**** Recorded information ****

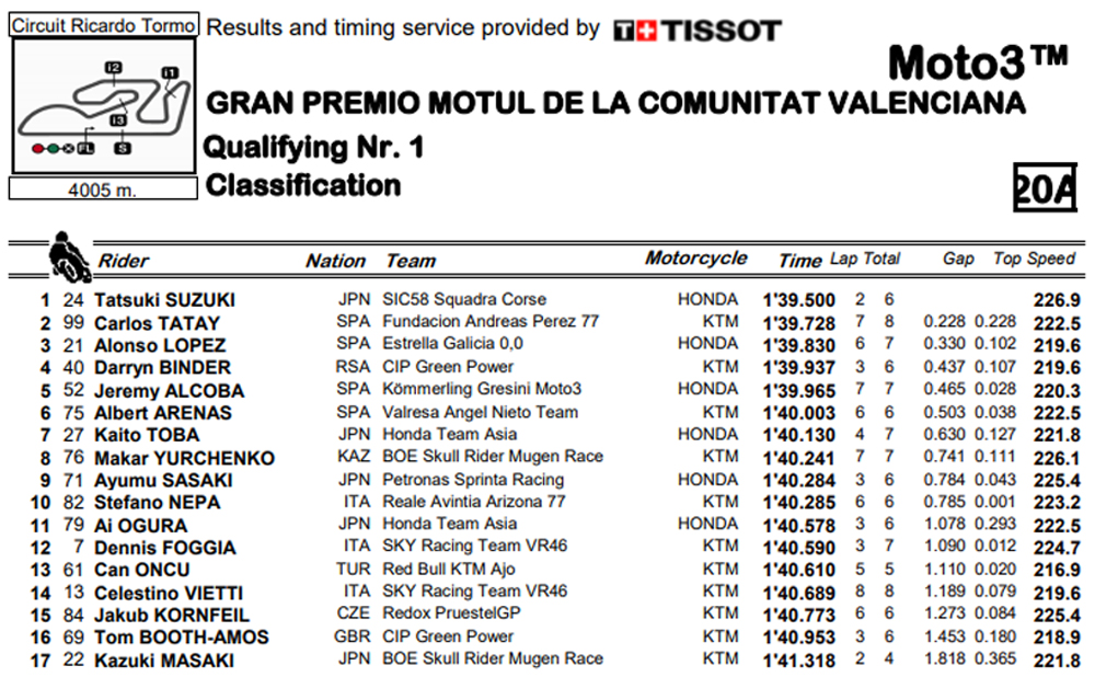 A uns segundos da bandeira, Suzuki permanecia o mais rápido com 1:38.500, seguido de Tatay, Lopes e Binder, a entrar também nos qualificados mesmo à justa.
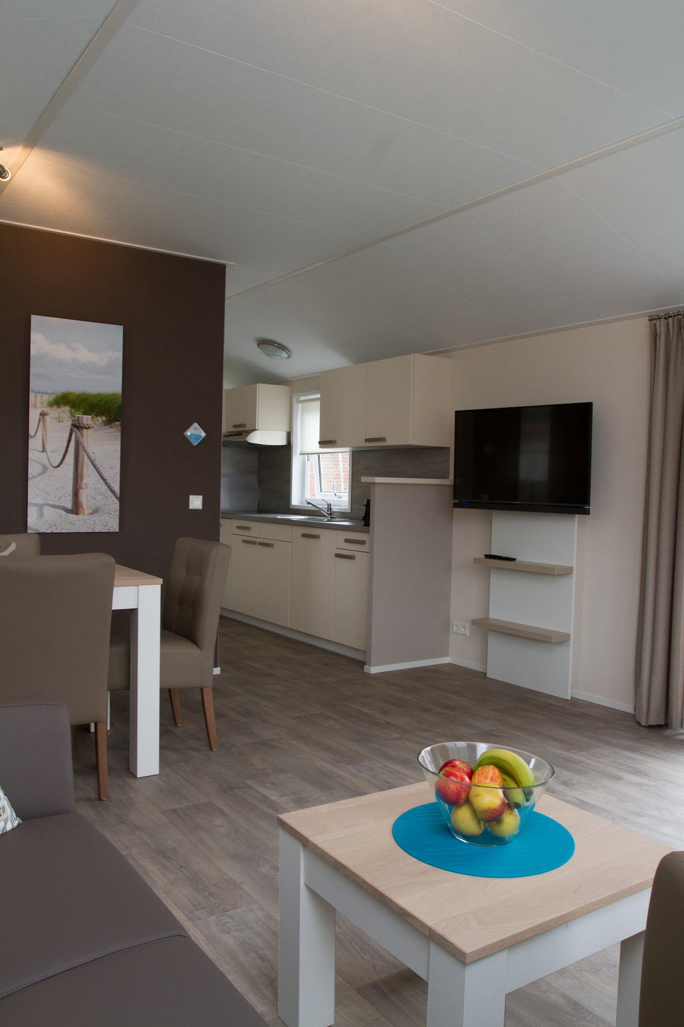 Ferienhaus mit rd. 45m² groß und Platz für bis zu zwei Erwachsene und drei Kindern. 2 Schlafzimmer (eines mit Doppelbett und TV, eines mit Crossbett), 1 Badezimmer. Großer Wohnraum mit Küche, Sitzgelegenheiten und Unterhaltungsmedien (TV). Im Außenbereich gibt es einen Stellplatz für Ihr Auto und die Terrasse lädt zum gemütlichen Verweilen ein.
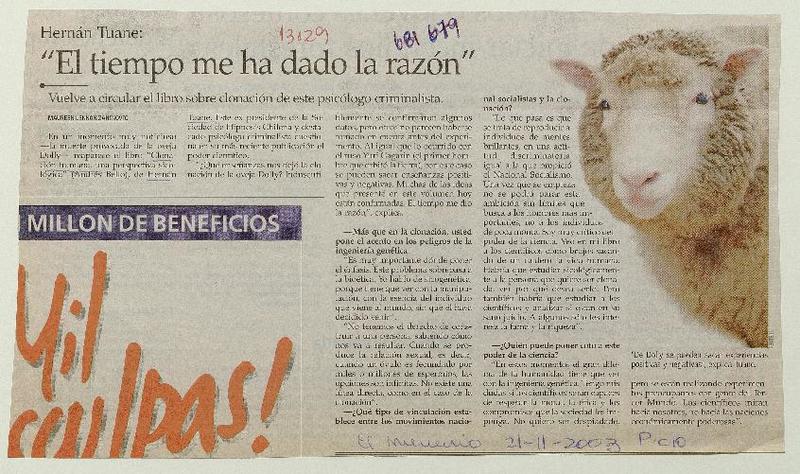 Autores chilenos - entrevista - Tuane, Hernán - Clonación humana, una perspectiva sicológica

****

* [Work required] Each line of the listing above must be given again exactly; the pictures are to be left out.

* [Problem solution]
 A uns segundos da bandeira, Suzuki permanecia o mais rápido com 1:38.500, seguido de Tatay, Lopes e Binder, a entrar também nos qualificados mesmo à justa.
 Ferienhaus mit rd. 45m² groß und Platz für bis zu zwei Erwachsene und drei Kindern. 2 Schlafzimmer (eines mit Doppelbett und TV, eines mit Crossbett), 1 Badezimmer. Großer Wohnraum mit Küche, Sitzgelegenheiten und Unterhaltungsmedien (TV). Im Außenbereich gibt es einen Stellplatz für Ihr Auto und die Terrasse lädt zum gemütlichen Verweilen ein.
 Autores chilenos - entrevista - Tuane, Hernán - Clonación humana, una perspectiva sicológica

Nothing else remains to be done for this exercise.